_Exercise requirements_
Beginning with the line containing "6、啟動完成以后,即可在 Mac 上看到" and ending with the line containing "Csütörtökön változóan felhős", write out each line of the records below exactly; pictures and lines outside that range are left out.

_Provided information_
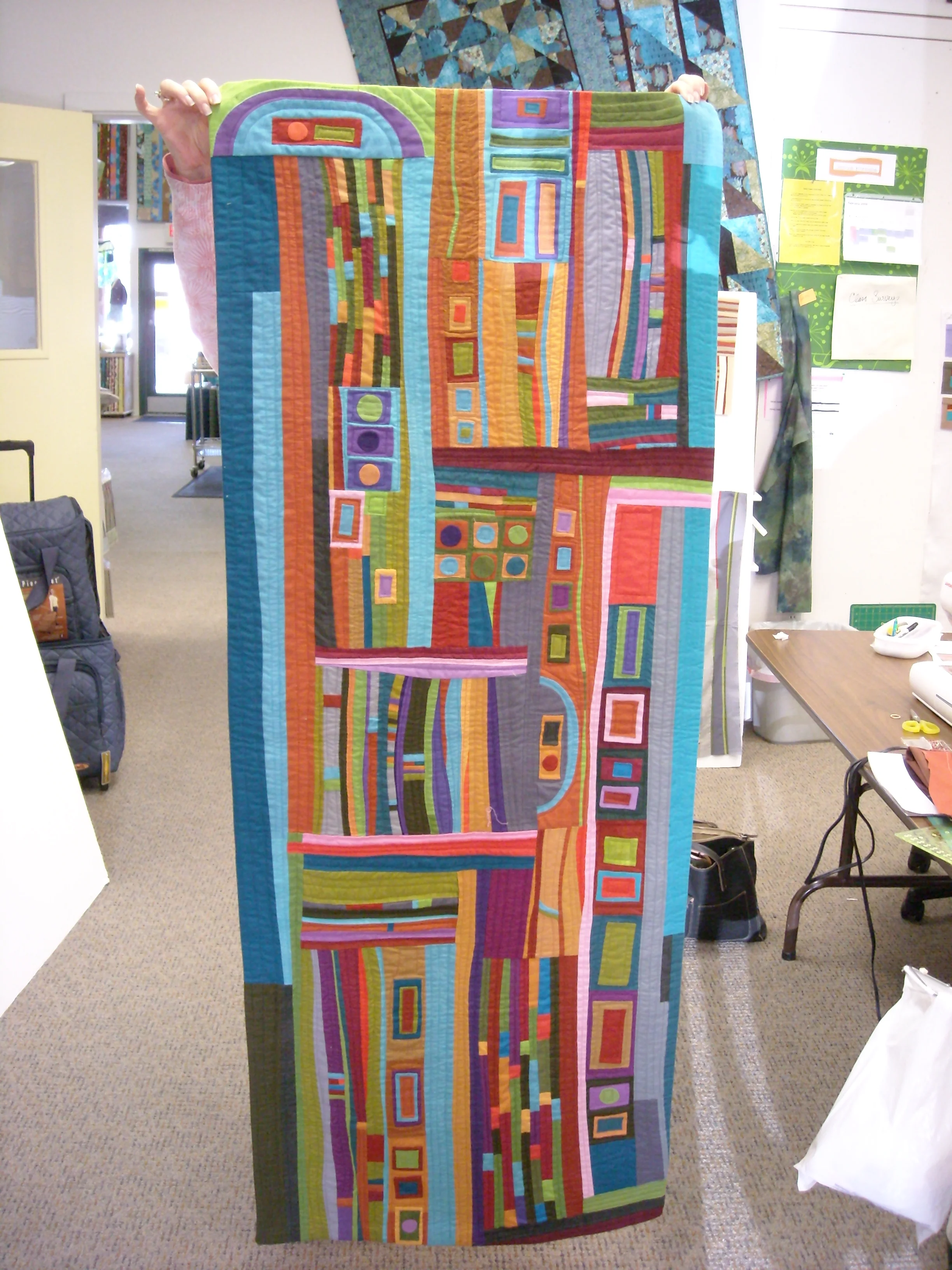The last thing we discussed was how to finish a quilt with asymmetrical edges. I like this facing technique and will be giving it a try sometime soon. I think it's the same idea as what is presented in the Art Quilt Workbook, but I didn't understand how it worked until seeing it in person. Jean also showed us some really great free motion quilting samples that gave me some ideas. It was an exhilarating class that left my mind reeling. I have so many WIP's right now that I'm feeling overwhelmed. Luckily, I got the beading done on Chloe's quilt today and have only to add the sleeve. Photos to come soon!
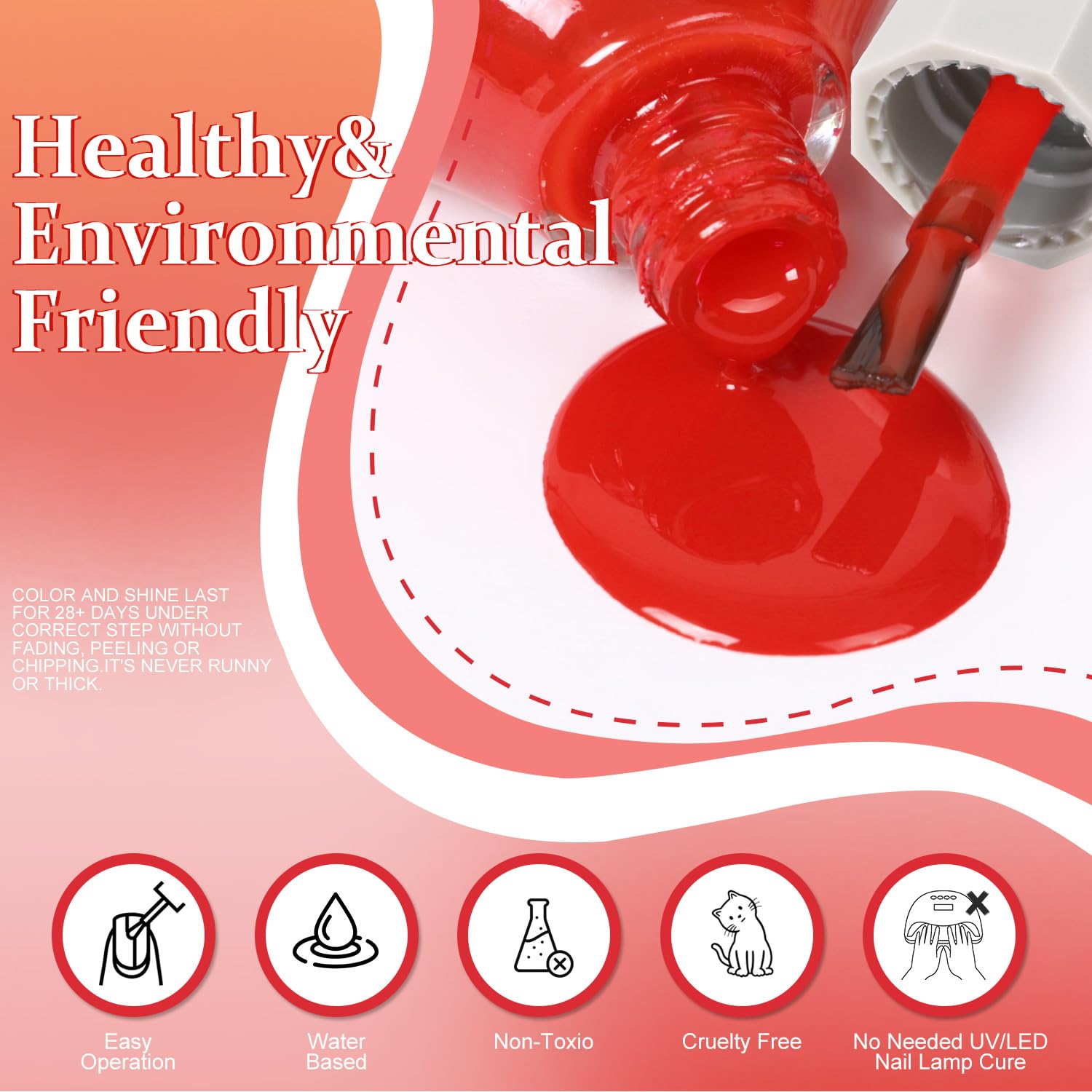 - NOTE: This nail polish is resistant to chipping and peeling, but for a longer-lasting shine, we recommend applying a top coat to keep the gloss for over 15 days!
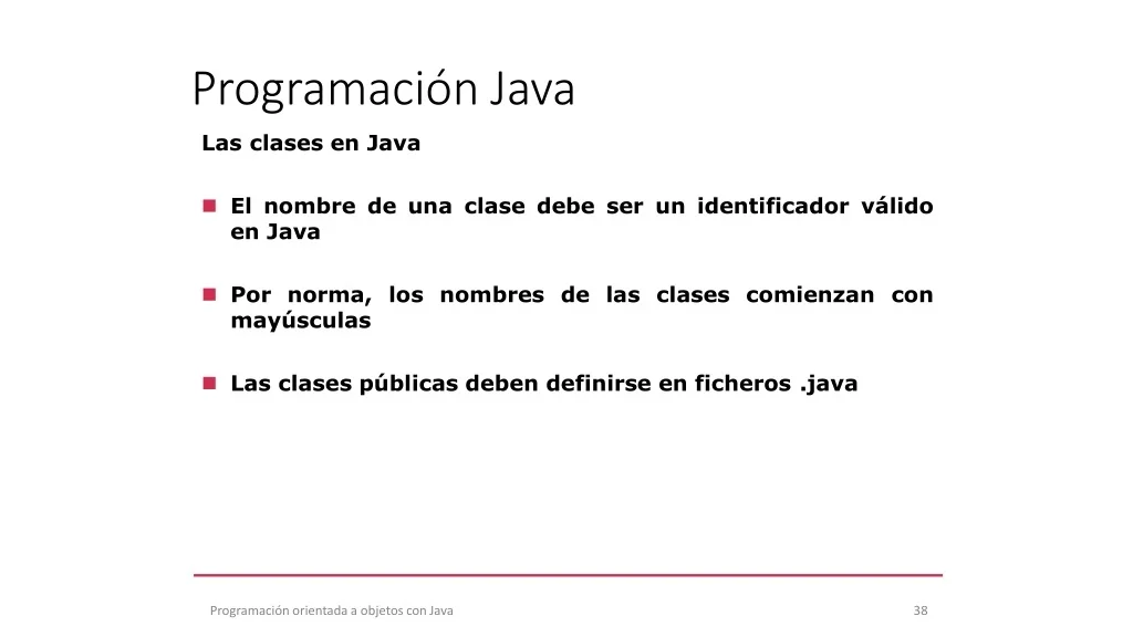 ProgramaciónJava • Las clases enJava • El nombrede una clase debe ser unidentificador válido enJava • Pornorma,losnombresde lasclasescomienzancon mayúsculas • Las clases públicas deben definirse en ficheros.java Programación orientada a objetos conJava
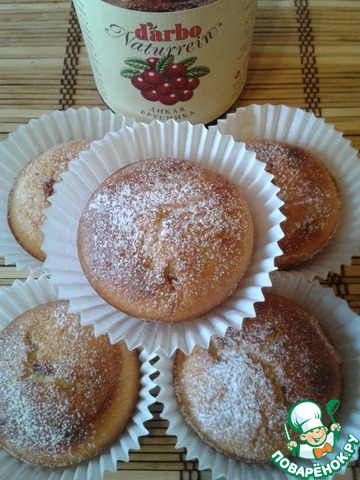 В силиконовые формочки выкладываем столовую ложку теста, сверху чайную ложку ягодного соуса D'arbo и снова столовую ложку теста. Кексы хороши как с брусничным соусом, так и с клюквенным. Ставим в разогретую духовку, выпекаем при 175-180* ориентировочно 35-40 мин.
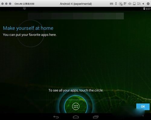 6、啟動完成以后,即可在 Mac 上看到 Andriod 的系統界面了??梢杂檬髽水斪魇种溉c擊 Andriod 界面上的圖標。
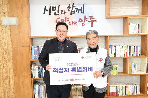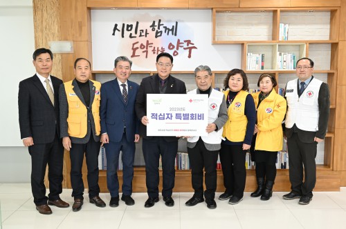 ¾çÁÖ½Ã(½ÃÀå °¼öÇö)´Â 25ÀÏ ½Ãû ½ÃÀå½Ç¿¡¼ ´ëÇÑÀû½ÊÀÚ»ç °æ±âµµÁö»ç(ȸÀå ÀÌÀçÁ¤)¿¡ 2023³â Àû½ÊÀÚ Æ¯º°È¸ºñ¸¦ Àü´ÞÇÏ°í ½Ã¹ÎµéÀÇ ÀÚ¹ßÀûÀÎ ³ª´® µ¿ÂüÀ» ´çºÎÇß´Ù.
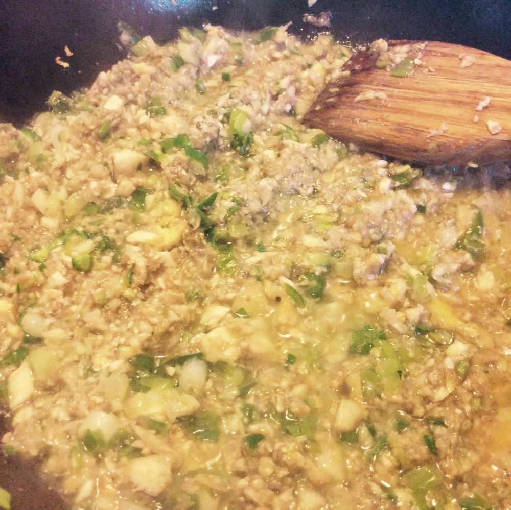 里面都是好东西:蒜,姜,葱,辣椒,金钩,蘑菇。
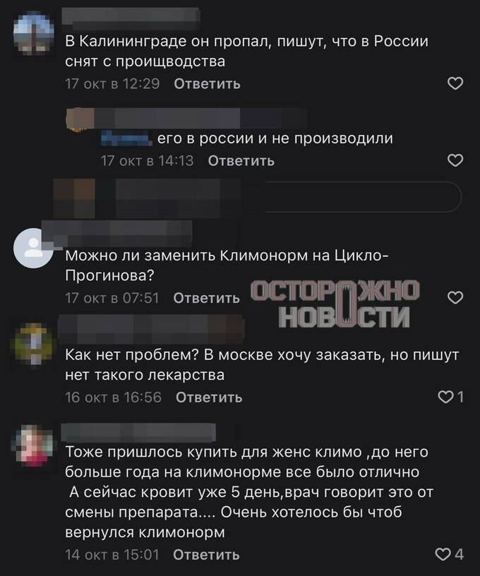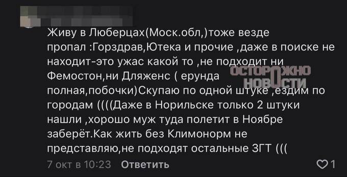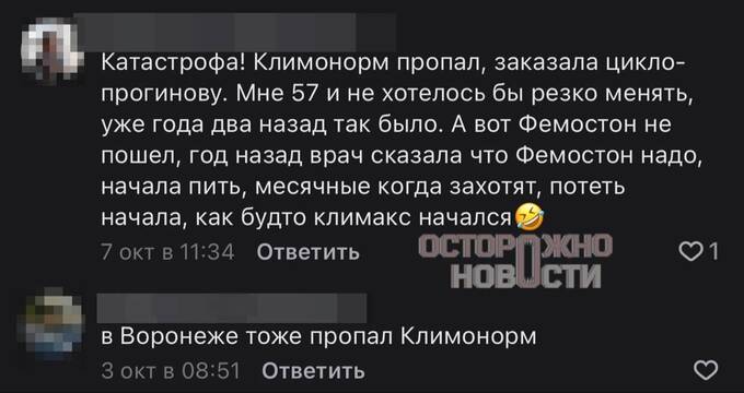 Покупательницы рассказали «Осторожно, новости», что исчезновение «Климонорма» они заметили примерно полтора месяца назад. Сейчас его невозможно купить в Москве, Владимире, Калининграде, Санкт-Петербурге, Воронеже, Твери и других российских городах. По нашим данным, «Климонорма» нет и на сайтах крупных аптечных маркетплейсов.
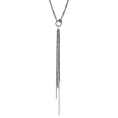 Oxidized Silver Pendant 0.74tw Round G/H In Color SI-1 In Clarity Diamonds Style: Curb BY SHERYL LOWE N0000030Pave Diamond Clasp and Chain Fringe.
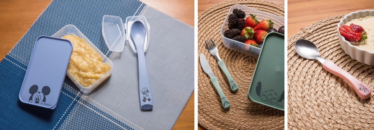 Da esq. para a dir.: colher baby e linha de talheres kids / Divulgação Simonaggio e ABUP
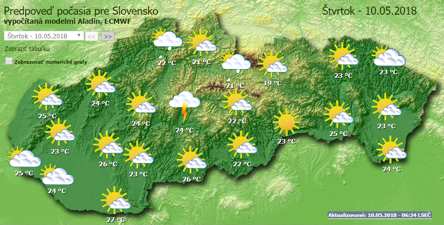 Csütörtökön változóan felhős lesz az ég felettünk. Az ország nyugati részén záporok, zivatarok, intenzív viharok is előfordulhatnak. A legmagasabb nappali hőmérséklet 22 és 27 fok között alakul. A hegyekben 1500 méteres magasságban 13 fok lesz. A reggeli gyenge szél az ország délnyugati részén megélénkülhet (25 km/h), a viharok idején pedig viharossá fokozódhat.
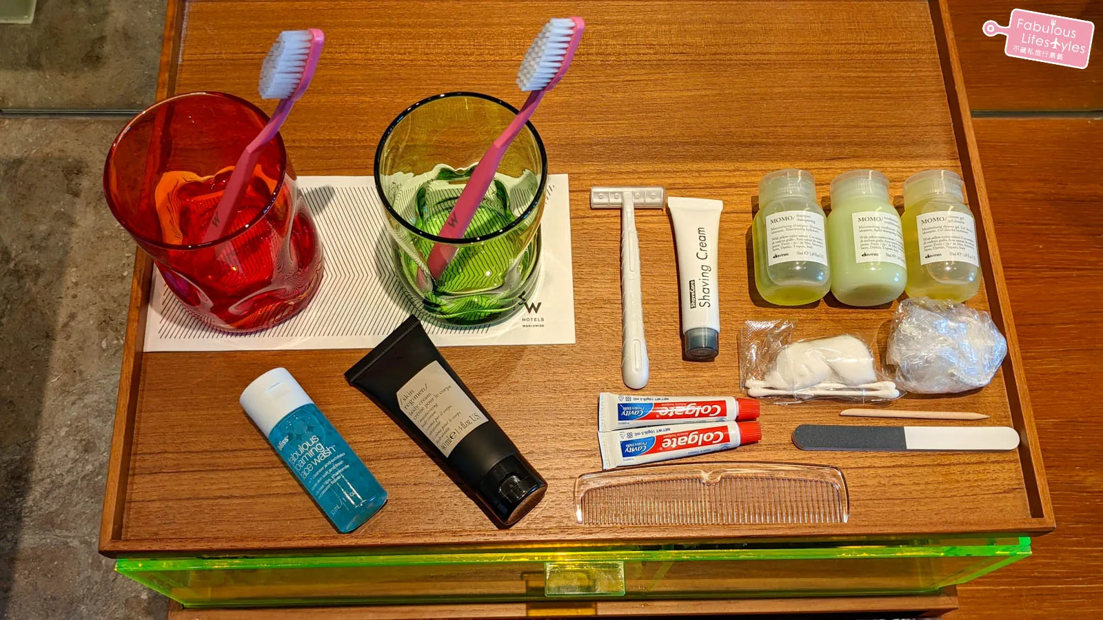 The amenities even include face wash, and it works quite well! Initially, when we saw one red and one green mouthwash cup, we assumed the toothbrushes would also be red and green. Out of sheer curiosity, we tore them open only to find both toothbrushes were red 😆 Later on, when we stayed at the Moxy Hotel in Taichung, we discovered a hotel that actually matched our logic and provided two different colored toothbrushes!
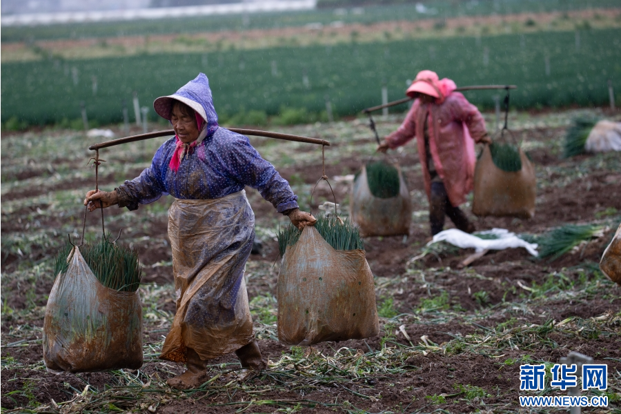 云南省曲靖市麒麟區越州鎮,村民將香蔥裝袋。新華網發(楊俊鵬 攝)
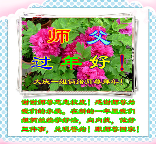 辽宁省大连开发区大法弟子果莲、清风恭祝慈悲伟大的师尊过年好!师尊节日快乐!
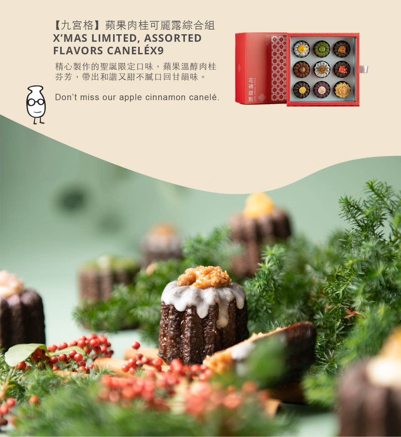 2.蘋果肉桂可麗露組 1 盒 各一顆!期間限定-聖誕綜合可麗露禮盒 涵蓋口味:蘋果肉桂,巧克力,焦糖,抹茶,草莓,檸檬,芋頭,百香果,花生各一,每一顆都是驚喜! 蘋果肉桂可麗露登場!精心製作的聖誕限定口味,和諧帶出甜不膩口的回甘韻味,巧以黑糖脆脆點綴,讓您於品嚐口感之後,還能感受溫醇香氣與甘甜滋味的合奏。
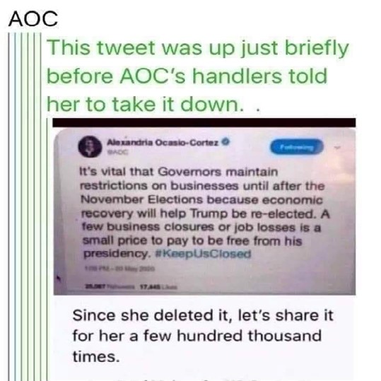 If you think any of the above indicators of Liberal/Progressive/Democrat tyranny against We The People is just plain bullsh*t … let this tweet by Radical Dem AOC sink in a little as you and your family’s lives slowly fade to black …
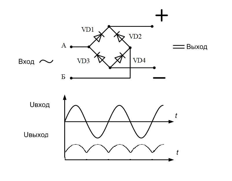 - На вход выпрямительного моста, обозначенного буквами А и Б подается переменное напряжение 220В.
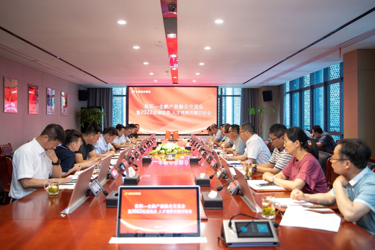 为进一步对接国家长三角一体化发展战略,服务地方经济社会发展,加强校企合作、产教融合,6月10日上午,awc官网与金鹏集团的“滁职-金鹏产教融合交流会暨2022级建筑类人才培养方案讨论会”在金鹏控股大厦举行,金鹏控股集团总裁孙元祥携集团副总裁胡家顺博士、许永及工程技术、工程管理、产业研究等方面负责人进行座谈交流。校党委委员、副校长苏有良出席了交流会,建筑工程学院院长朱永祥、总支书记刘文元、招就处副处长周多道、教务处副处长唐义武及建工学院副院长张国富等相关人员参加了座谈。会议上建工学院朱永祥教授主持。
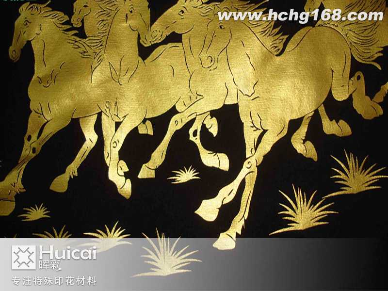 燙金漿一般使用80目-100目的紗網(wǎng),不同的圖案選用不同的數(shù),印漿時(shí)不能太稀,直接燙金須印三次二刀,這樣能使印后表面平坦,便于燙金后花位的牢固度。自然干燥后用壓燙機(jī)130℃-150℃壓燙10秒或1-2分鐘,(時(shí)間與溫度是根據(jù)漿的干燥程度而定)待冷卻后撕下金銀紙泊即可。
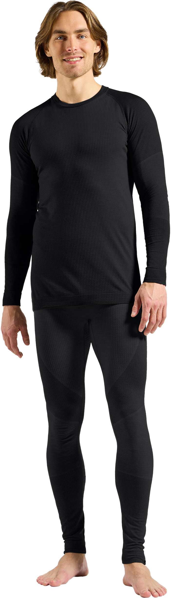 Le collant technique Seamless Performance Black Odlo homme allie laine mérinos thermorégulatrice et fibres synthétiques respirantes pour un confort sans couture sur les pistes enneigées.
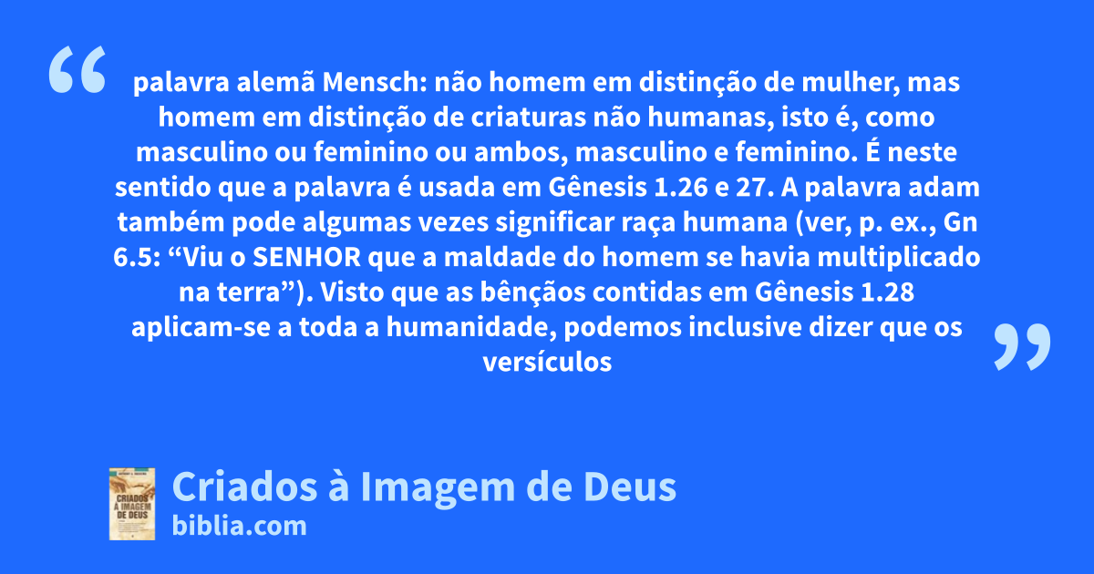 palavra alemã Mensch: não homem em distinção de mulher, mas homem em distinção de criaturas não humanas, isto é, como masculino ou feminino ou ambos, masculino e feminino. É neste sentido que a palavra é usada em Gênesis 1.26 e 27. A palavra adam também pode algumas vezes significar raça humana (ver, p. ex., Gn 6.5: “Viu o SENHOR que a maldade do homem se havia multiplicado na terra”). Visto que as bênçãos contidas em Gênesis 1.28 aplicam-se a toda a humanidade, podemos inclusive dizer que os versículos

_Completed task_
 6、啟動完成以后,即可在 Mac 上看到 Andriod 的系統界面了??梢杂檬髽水斪魇种溉c擊 Andriod 界面上的圖標。
 ¾çÁÖ½Ã(½ÃÀå °¼öÇö)´Â 25ÀÏ ½Ãû ½ÃÀå½Ç¿¡¼ ´ëÇÑÀû½ÊÀÚ»ç °æ±âµµÁö»ç(ȸÀå ÀÌÀçÁ¤)¿¡ 2023³â Àû½ÊÀÚ Æ¯º°È¸ºñ¸¦ Àü´ÞÇÏ°í ½Ã¹ÎµéÀÇ ÀÚ¹ßÀûÀÎ ³ª´® µ¿ÂüÀ» ´çºÎÇß´Ù.
 里面都是好东西:蒜,姜,葱,辣椒,金钩,蘑菇。
 Покупательницы рассказали «Осторожно, новости», что исчезновение «Климонорма» они заметили примерно полтора месяца назад. Сейчас его невозможно купить в Москве, Владимире, Калининграде, Санкт-Петербурге, Воронеже, Твери и других российских городах. По нашим данным, «Климонорма» нет и на сайтах крупных аптечных маркетплейсов.
 Oxidized Silver Pendant 0.74tw Round G/H In Color SI-1 In Clarity Diamonds Style: Curb BY SHERYL LOWE N0000030Pave Diamond Clasp and Chain Fringe.
 Da esq. para a dir.: colher baby e linha de talheres kids / Divulgação Simonaggio e ABUP
 Csütörtökön változóan felhős lesz az ég felettünk. Az ország nyugati részén záporok, zivatarok, intenzív viharok is előfordulhatnak. A legmagasabb nappali hőmérséklet 22 és 27 fok között alakul. A hegyekben 1500 méteres magasságban 13 fok lesz. A reggeli gyenge szél az ország délnyugati részén megélénkülhet (25 km/h), a viharok idején pedig viharossá fokozódhat.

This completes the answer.